Sean C. Morgan
City Councilor Jeff Goodwin proposed an ordinance last week that would make it a crime to enter a bathroom, locker room or similar facility designated for exclusive use of the opposite sex.
He called it a “very, very draft” ordinance during the City Council’s regular meeting on June 14, and Mayor Jim Gourley referred it to the Public Safety Committee for review. The committee will consider the proposal at a meeting following the next regular council meeting on June 28. The council meeting begins at 7:30 p.m.
Under the draft ordinance, a violation would constitute a class C misdemeanor. It would not apply to any first responder operating in an emergency, children 5 years old or younger or to any individual of “abnormal gender.”
It also would not apply to any new public facility constructed more than a year after passage of the ordinance.
The proposed ordinance is a broad approach to dealing with an issue that has conflicting interests, Goodwin said, balancing the competing interests of individuals to have privacy in public restrooms.
As a draft, it needs further adjustments before moving before the council for approval, Goodwin said.
Recently, in Lebanon, a 9-year-old girl was using the locker room at the community swimming pool when a man entered and used the shower facility in front of her, Goodwin said. The man was wearing a woman’s bathing suit.
Lorlee Engler, Lebanon Pool aquatics director, said her staff spoke with the parent of the 9-year-old girl as well as the transgender individual and also reviewed video.
They asked the transgendered person to use the family changing room in the future.
A recently adopted board policy states: In an effort to meet the varying needs of all community pool users, all transgender individuals must use the family changing room to undress or shower.
“I want to provide pool access to everybody,” Engler said. “We get all kinds of people here. It’s a whole new world that everybody’s trying to navigate.”
And now is the time to take action, Goodwin said. Currently, anyone can walk into any bathroom.
His proposal requires bathrooms to be constructed differently in the future to address those competing interests while requiring that existing bathrooms are used as originally intended, he said.
His proposal explains that sex is an inalienable biological characteristic of human beings; a long history exists of sexually violent behavior between males and females; and that members of the opposite sex trying to view, photograph or inappropriately record each other for their own gratification.

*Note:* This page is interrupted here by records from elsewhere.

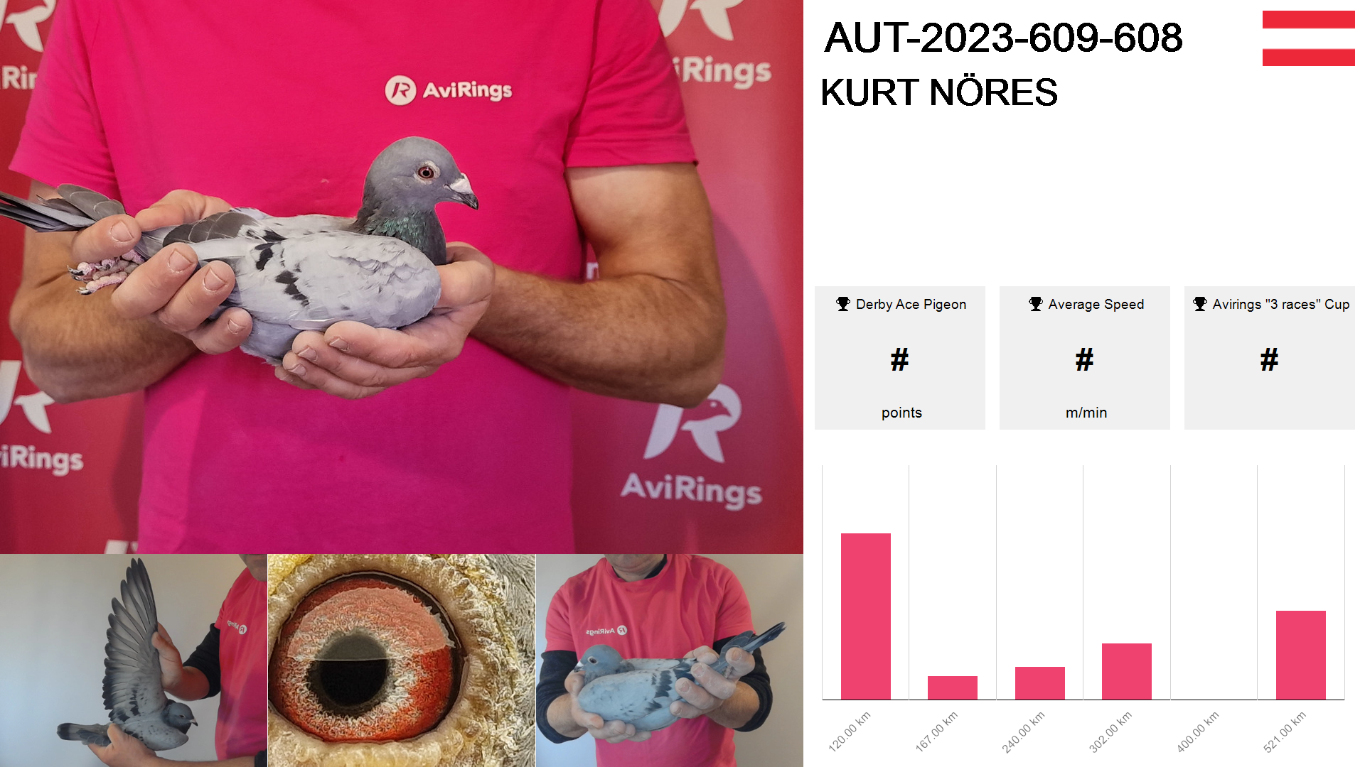 | Race | Position | Number of pigeons | Percent | Speed | Distance |
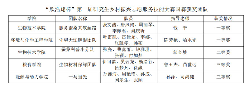 本届大赛以“志愿服务助力乡村振兴,青年成长开创美好未来”为宗旨,鼓励引导研究生关注农业农村发展,涵养青年学生家国情怀,勇于担当强农兴农使命,着力书写时代之志,助力“新农村、新农业、新农民、新生态”建设,勇于创新、勤于实践,把“小我”融入“大我”,为乡村振兴和中华民族的伟大复兴贡献青春力量。大赛共有来自全国100余所研究生培养高校及科研院所的846支队伍报名参赛,经过校赛、专家函评,共有279支队伍晋级全国总决赛,共产生一等奖28项,二等奖85项,三等奖166项。
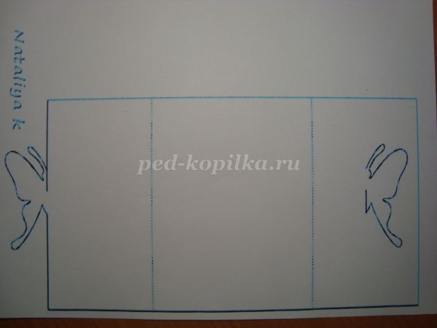 Шаблон для открытки из интернета. Переводим шаблон на бумагу. Пунктирные линии – места сгибов. Вырезаем открытку по контуру и бабочку внутри.
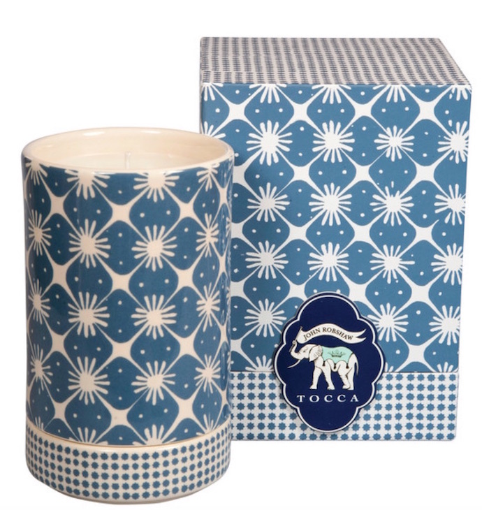 TOCCA x John Robshaw in a Far East-inspired candle collection. In the first ever collab, Tocca recreated the energy and aromas of some of John’s favorite local markets and beaches to bring them to you in custom, handmade ceramic vessels. Each distinctive design is based on prints from the archives of the iconic textile designer. Escape in fragrances that pay homage to the romantic tales of John’s faraway travels. The Java John Robshaw Collection Candle is inspired from John’s first batik printing trip to Java + a local market in Yogyakarta. The fragrance + patterns of that market- clove cigs, coffee beans sold by locals in hand printed batik sarongs. [$60].
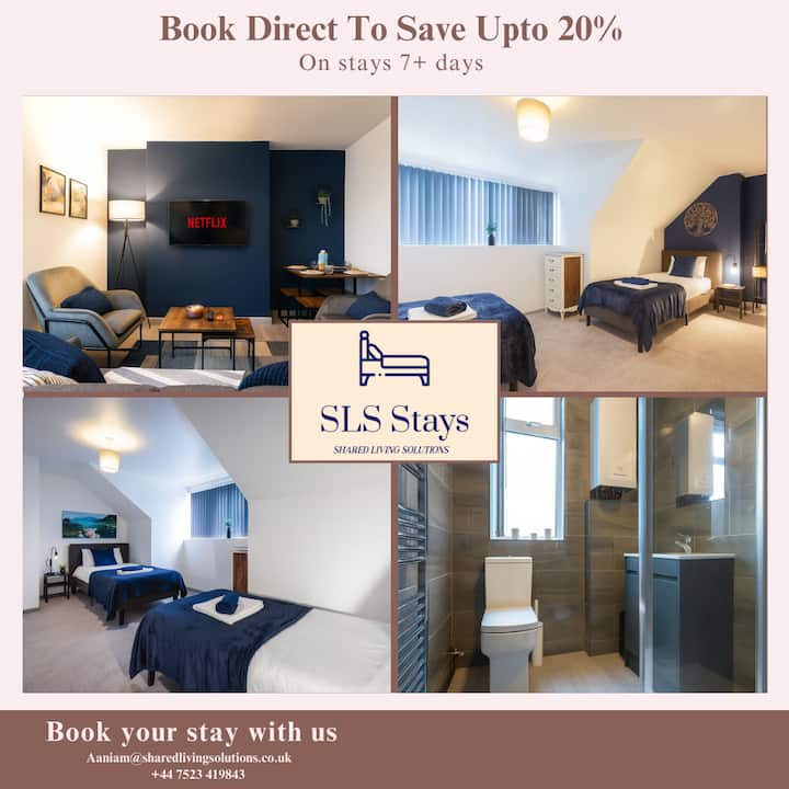 如需更多折扣、定制预订或长期住宿,请联系我们: slsstays .co . uk 或 +44 752 341 9843。
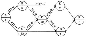 问题 某工程单代号搭接网络计划如下图所示,节点中下方数字为该工作的持续时间,其中的关键工作有()。
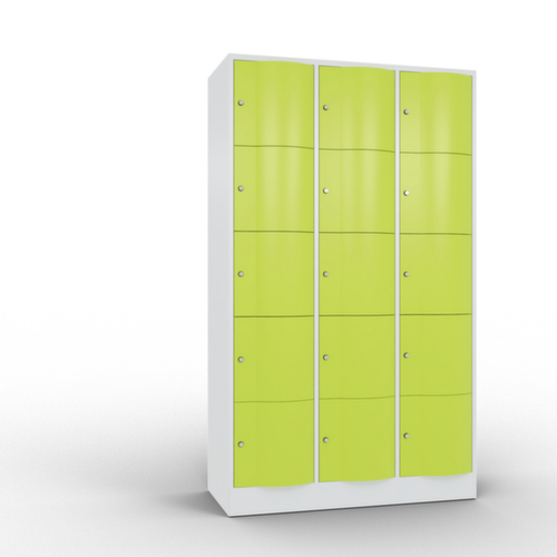 La porte battante convexe vers l’avant est absolument stable et résistante au vandalisme, même aux coups de pied. Les portes battantes sont montées sur des charnières robustes à espagnolettes internes et résistent ainsi à des sollicitations élevées. Chaque porte est équipée de série d’un amortisseur, de sorte que, même fermée avec élan, elle ne claque pas. Cela contribue non seulement à améliorer l’environnement sonore, mais protège aussi l’armoire en acier des dommages. De plus, la limitation d’ouverture de porte protège la porte contre l’extension excessive et contre le chevauchement de la surface utile avec l’armoire annexe. verrouillable avec serrure à cylindre. Les orifices de ventilation dans la paroi arrière assurent une bonne circulation de l’air dans chaque casier. Grâce au plateau supérieur, l’armoire à poser peut être utilisée comme surface de travail ou tablette supplémentaire. Le socle encastré permet de répartir uniformément le poids de l’armoire sur le sol. Cela augmente la stabilité et l’armoire peut supporter des charges plus lourdes qu’une armoire à pieds. De plus, la saleté, la poussière et l’humidité ne peuvent pas s’infiltrer sous l’armoire, ce qui réduit la surface de nettoyage. structure en tôle d'acier, soudé. corps avec thermolaquage. face avant avec thermolaquage.
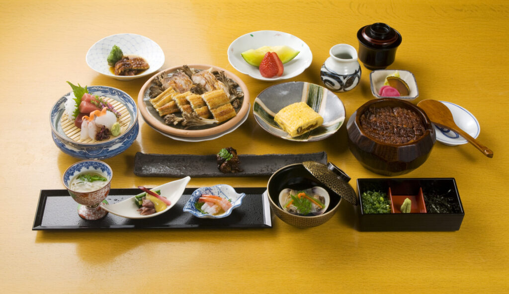 うなぎを中心とした会席料理です。いろいろなうなぎ料理をお楽しみください。食事にはひつまぶしもお召し上がりいただけます。要予約。※写真はイメージです
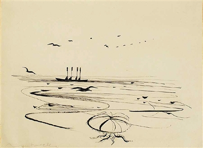 在人物肖像之外,萬(wàn)徒勒里也熱衷于描繪中國(guó)山水。他于1954年創(chuàng)作的《長(zhǎng)江》借鑒了中國(guó)水墨丹青技法,整幅畫作視野開(kāi)闊,體現(xiàn)出中國(guó)水墨畫的朦朧、婉約與詩(shī)意。他在客居瑞士期間的畫作同樣展現(xiàn)中國(guó)水墨畫開(kāi)闊的構(gòu)圖、精巧的線條和獨(dú)具一格的東方美學(xué)。畫作《歸來(lái)》通過(guò)南飛的歸雁、孤寥的漁船和茫茫無(wú)盡的海面,讓觀者感受到一種難以訴諸語(yǔ)言、始終縈繞心頭的鄉(xiāng)愁。
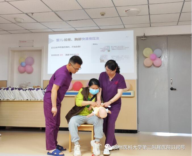 李文华演示海姆立克急救法,指导家长在紧急情况下如何给宝宝急救,家长们积极参与实操。
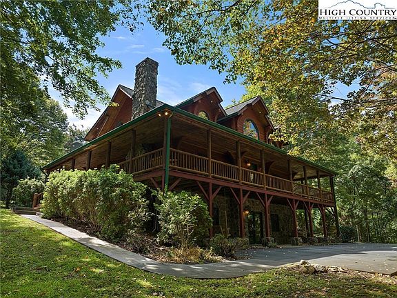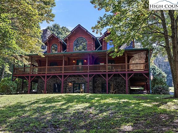 THIS IS IT!! The LOG HOME you've been looking for. Custom built with POST & BEAM accents, WRAP-AROUND PORCHES, 7 ACRES, DETACHED GARAGE, and LONG RANGE MOUNTAIN VIEWS. Best of all, you're less than 15 minutes from downtown West Jefferson, the New River, Blue Ridge Parkway, and New River State Park. The property offers 7 acres of useable land, both cleared and wooded, nestled within over 100 acres of farmland preservation land. An oversized 2 car detached garage/workshop offers plenty of room for car, motorcycle, or ATV storage. Inside the home, the entire upstairs could be used as a primary bedroom suite. Downstairs features 2 bedrooms, a game room that walks out to the patio, utility room, full bath, and a massive walk-in closet for storage or to use as an "Owner's Closet." While never used as a rental, this property would be an ideal VACATION RENTAL that could sleep 10+ people. Outdoors lovers will enjoy the over 1,700 square feet of covered porches & decks. LOCATED 2 hours from Charlotte, 1.5 Hours to the Triad, and 3 hours to Raleigh. If you enjoy hiking or biking, the BLUE RIDGE PARKWAY is right down the road. Access to the New River for fishing or kayaking is less than 10 minutes from your front door. YOUR DREAM MOUNTAIN HOME awaits you here in popular ASHE COUNTY, NC. The gated entry for the 10 home community offers plenty of privacy and peace of mind. The HVAC and Water Heater have recently been replaced and upgraded. You won't have to worry about any exterior maintenance, the entire home has recently been hand-sanded, stained, and sealed. Make sure to check out the 2 VIRTUAL TOURS and FLOOR PLANS available upon request. SHOWN BY APPOINTMENT ONLY, NO DRIVE-BYS. Don't let this unique opportunity pass you by.

“Because males and females have a long history of violent and abusive behavior, they have a strong preference for privacy from each other when in a state of undress,” the draft ordinance said.
“No way exists to distinguish someone who legitimately struggles with gender identity from a predatory individual,” the proposal added.
Struggling with gender identity is a “legitimate mental illness” and should be protected, the draft said, but the overwhelming majority of “public facilities privacy areas” in Sweet Home are divided between areas for males and areas for females.
The purpose of the division is to protect the safety, privacy and comfort of all occupants, the draft ordinance said. Those divisions have existed since the founding of the city and do not exist for discriminatory purposes.
The most effective method to balance the interests of all persons in the city in the future is to construct privacy areas with individual or family privacy areas and not group areas, the proposal said, but the cost of replacing all public facility privacy areas in the city is prohibitive.
The proposed ordinance would apply to public facilities, which means any place in the city that is open to the public. It refers to bathrooms, showers, dressing and changing rooms and any other area designated to providing privacy from members of the opposite sex.
The ordinance bases biological sex on the existing of sex-determining x and y chromosomes while recognizing “abnormal gender” among those who possess other combinations than xx or xy.
The ordinance also outlines the conflict of rights, between an individual who struggles with gender identity to use a privacy area that conforms to the person’s self-perceived gender identity and the right of other individuals to be free from using public privacy areas in the presence of individuals who are biologically of the opposite sex.
Present at the meeting were councilors James Goble, Ryan Underwood, Greg Mahler, Gourley, Dave Trask and Goodwin.